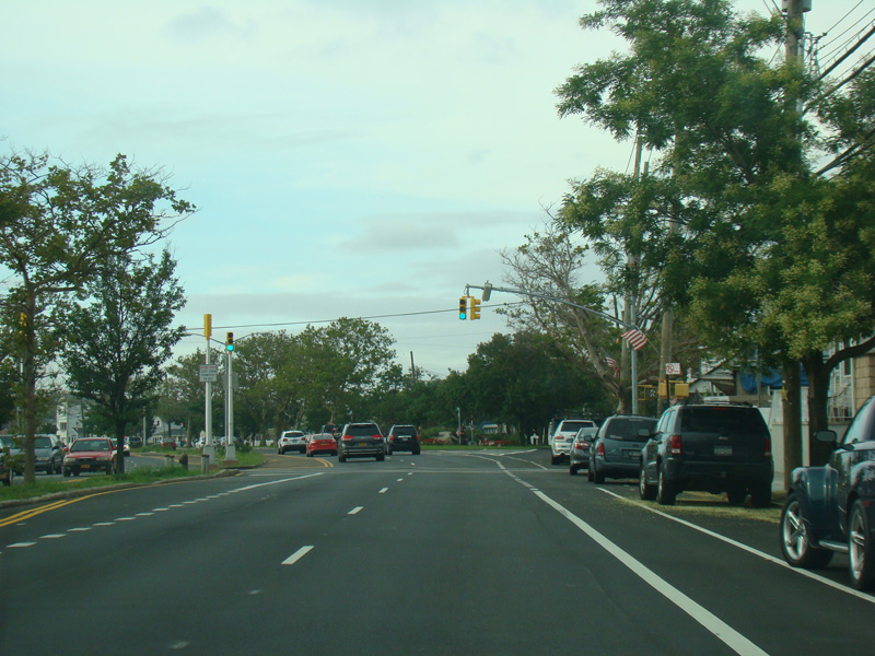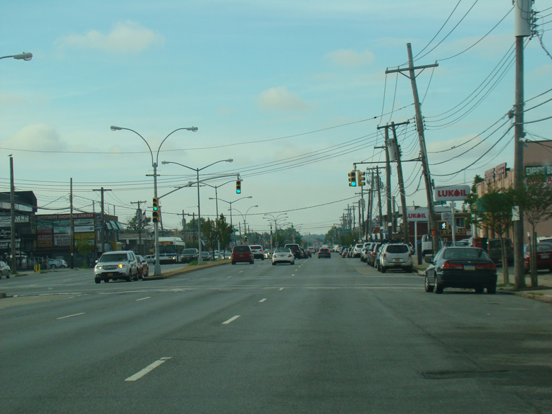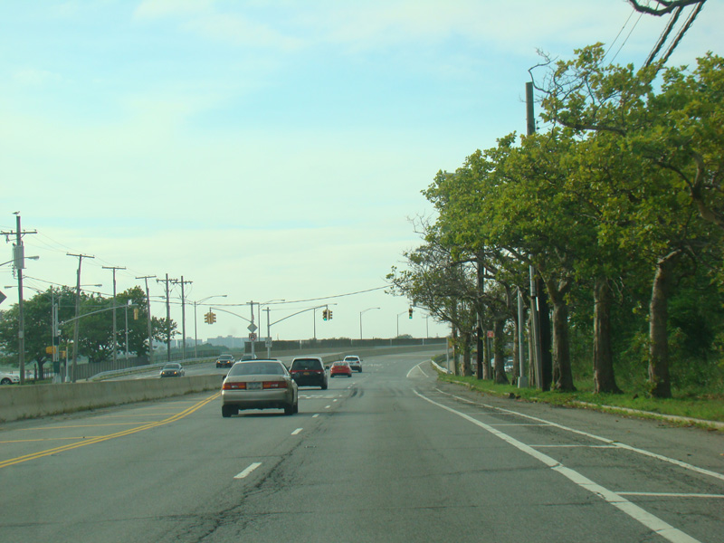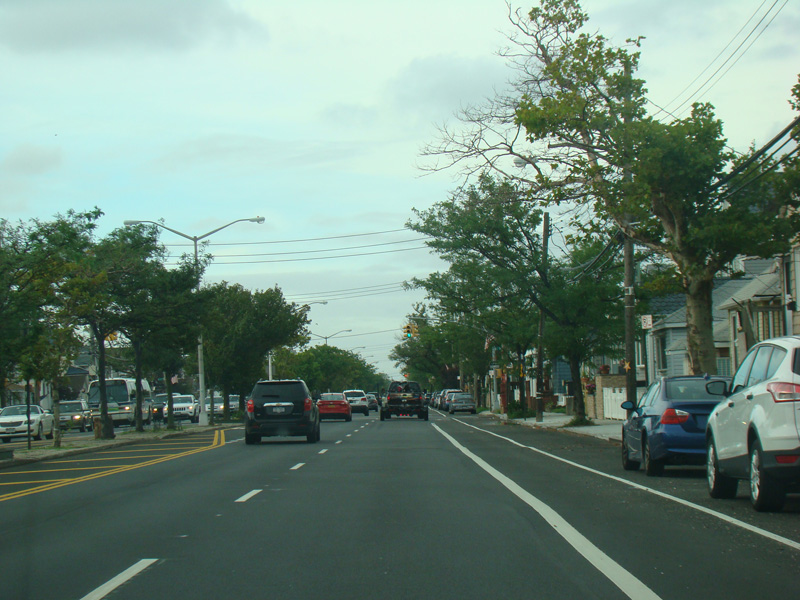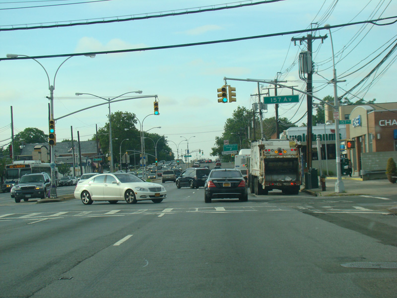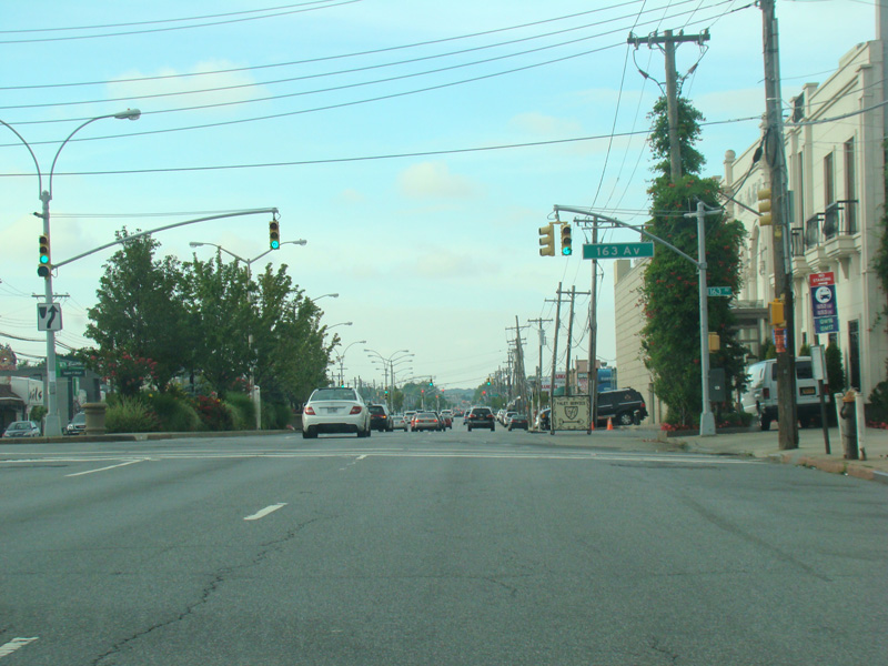 In Howard Beach, Cross Bay Boulevard widens to six lanes. The cross streets here are numbered avenues, beginning with 165 Avenue and descending until 156 Avenue. There are traffic lights at all the avenues, and all of them have oversized street name signs except for 162 Avenue.
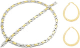 Bling Bling NY Womens 2 Tone Diamond Cut Hugs & Kisses Necklace Bracelet XOXO Set with Oval Hoop Earring 18/20 inches
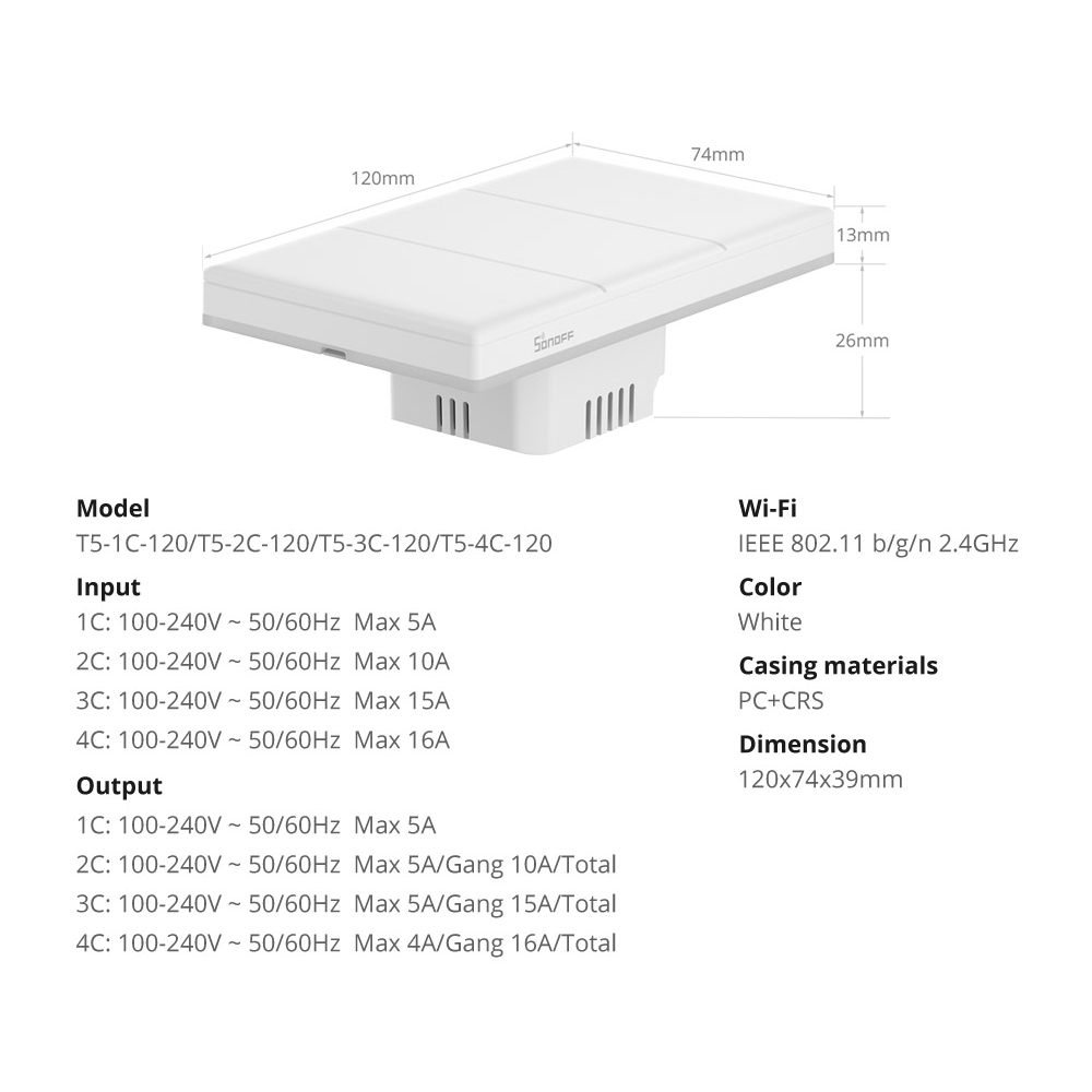 SONOFF T5 120 TX Ultimate WIFI Interruptor Inteligente De Parede Por Toque Controle Remoto Multi-Sensory eWeLink via Alexa Google
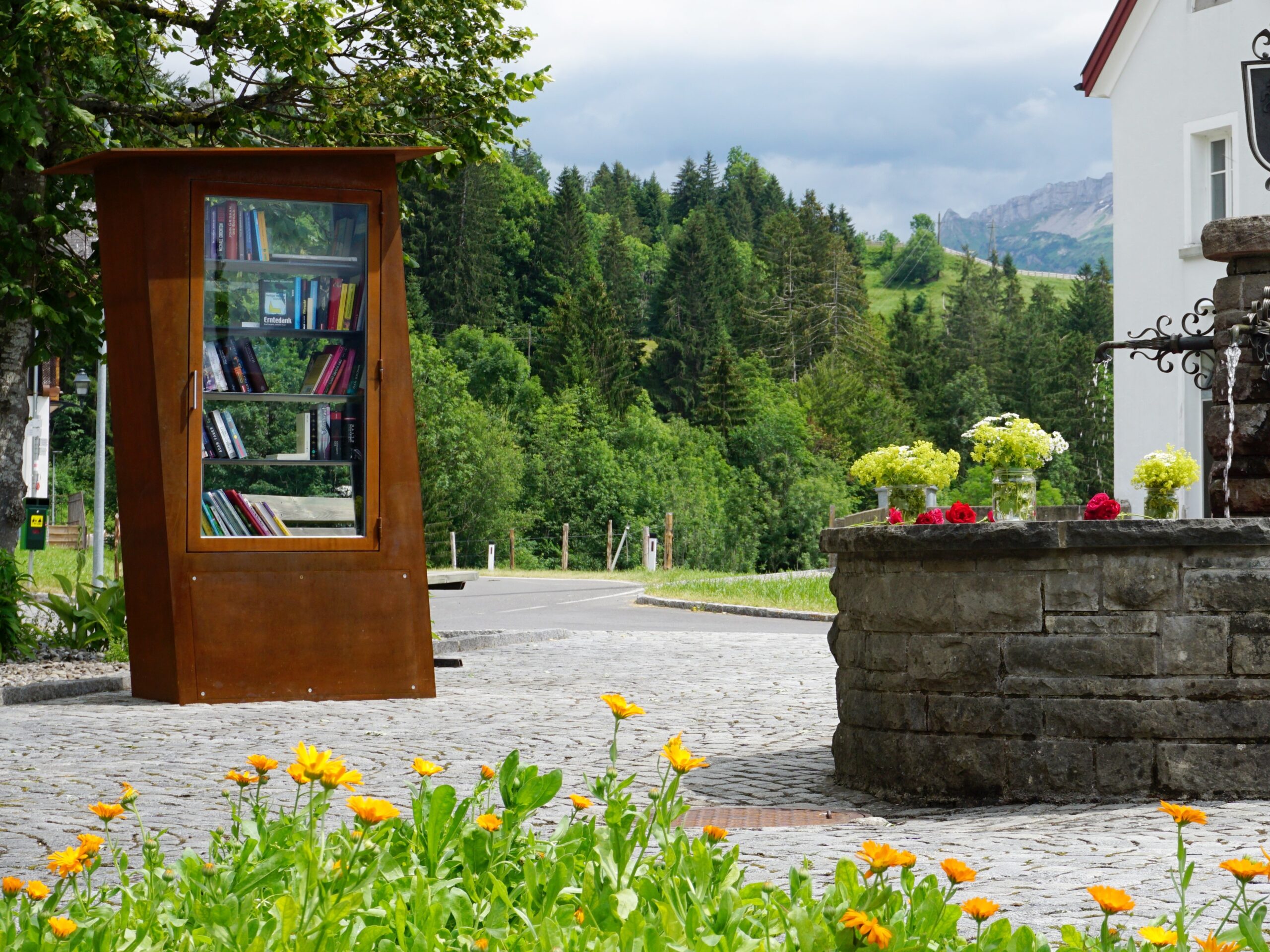 Wir Alle wollen mehr davon! Das Lese-Café zur Eröffnung des Buchkastens am Dorfplatz überraschte und kann durchaus wiederholt werden.
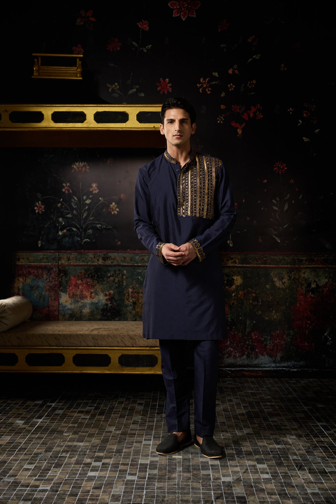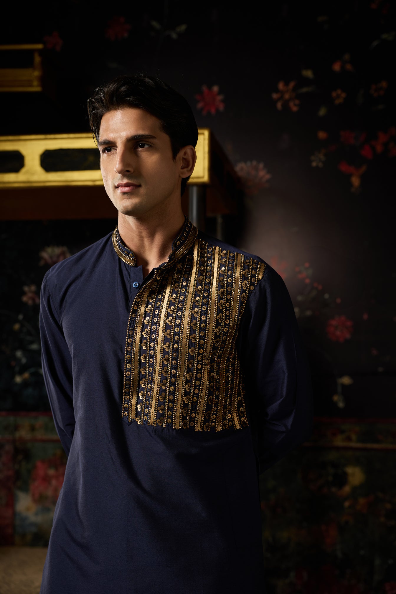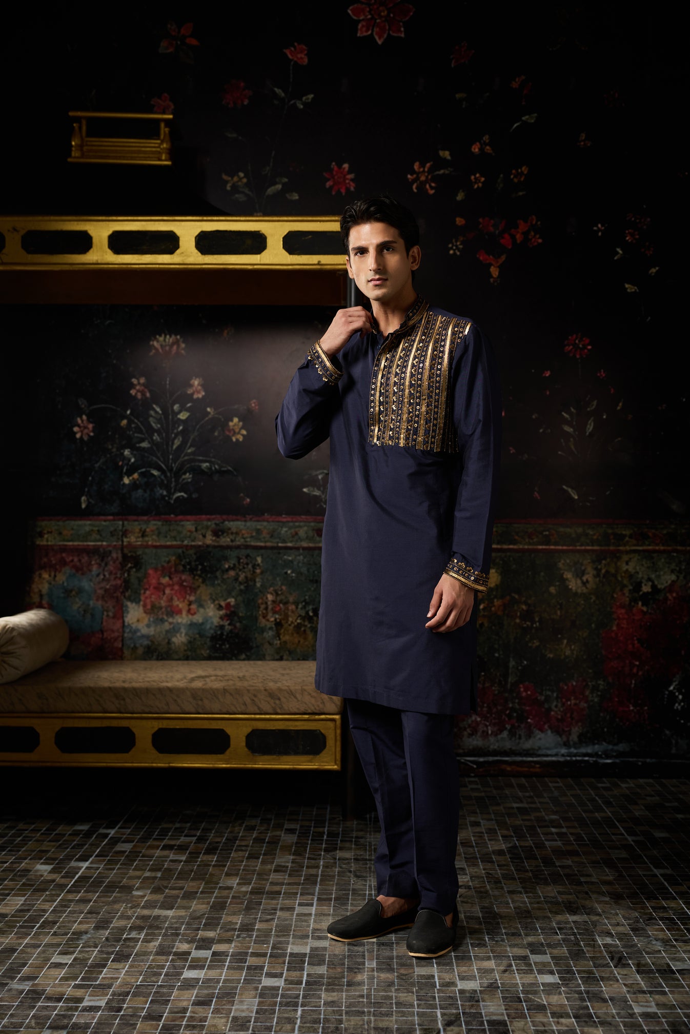 Blue With Linear Matt Gold Embroidered Kurta Paired With Blue Pants
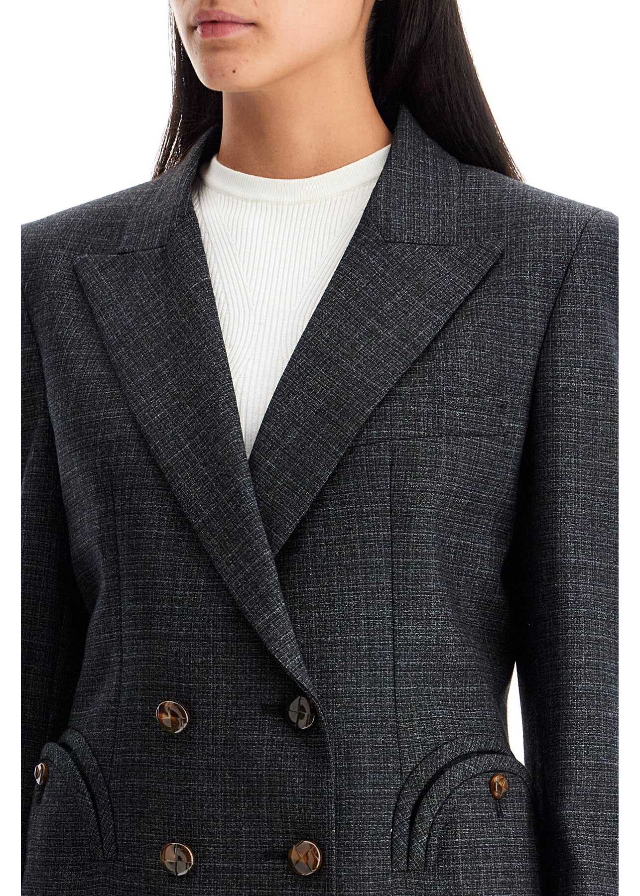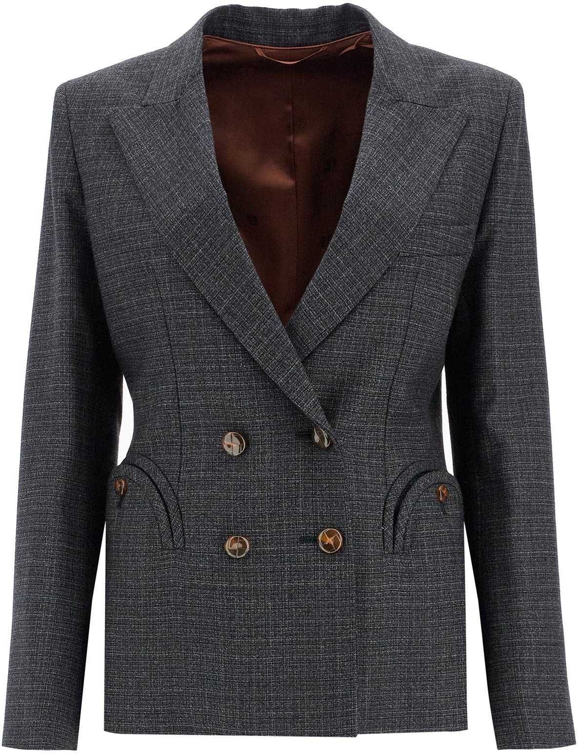 The Hunley double-breasted blazer from the Charmer line by Blazé Milano is inspired by equestrian style. Made of pure virgin wool with a subtle check pattern, it features peak lapels, iconic Smiley pockets on the front, padded shoulders, and shiny buttons inspired by loden. The fully lined interior has two pockets and a slim fit. The model is 177 cm tall and wears size 1 Blazé Milano.

__What the task requires__: Retype all of the listing word for word and skip the pictures.

__Written answer__:
 In Howard Beach, Cross Bay Boulevard widens to six lanes. The cross streets here are numbered avenues, beginning with 165 Avenue and descending until 156 Avenue. There are traffic lights at all the avenues, and all of them have oversized street name signs except for 162 Avenue.
 Bling Bling NY Womens 2 Tone Diamond Cut Hugs & Kisses Necklace Bracelet XOXO Set with Oval Hoop Earring 18/20 inches
 SONOFF T5 120 TX Ultimate WIFI Interruptor Inteligente De Parede Por Toque Controle Remoto Multi-Sensory eWeLink via Alexa Google
 Wir Alle wollen mehr davon! Das Lese-Café zur Eröffnung des Buchkastens am Dorfplatz überraschte und kann durchaus wiederholt werden.
 Blue With Linear Matt Gold Embroidered Kurta Paired With Blue Pants
 The Hunley double-breasted blazer from the Charmer line by Blazé Milano is inspired by equestrian style. Made of pure virgin wool with a subtle check pattern, it features peak lapels, iconic Smiley pockets on the front, padded shoulders, and shiny buttons inspired by loden. The fully lined interior has two pockets and a slim fit. The model is 177 cm tall and wears size 1 Blazé Milano.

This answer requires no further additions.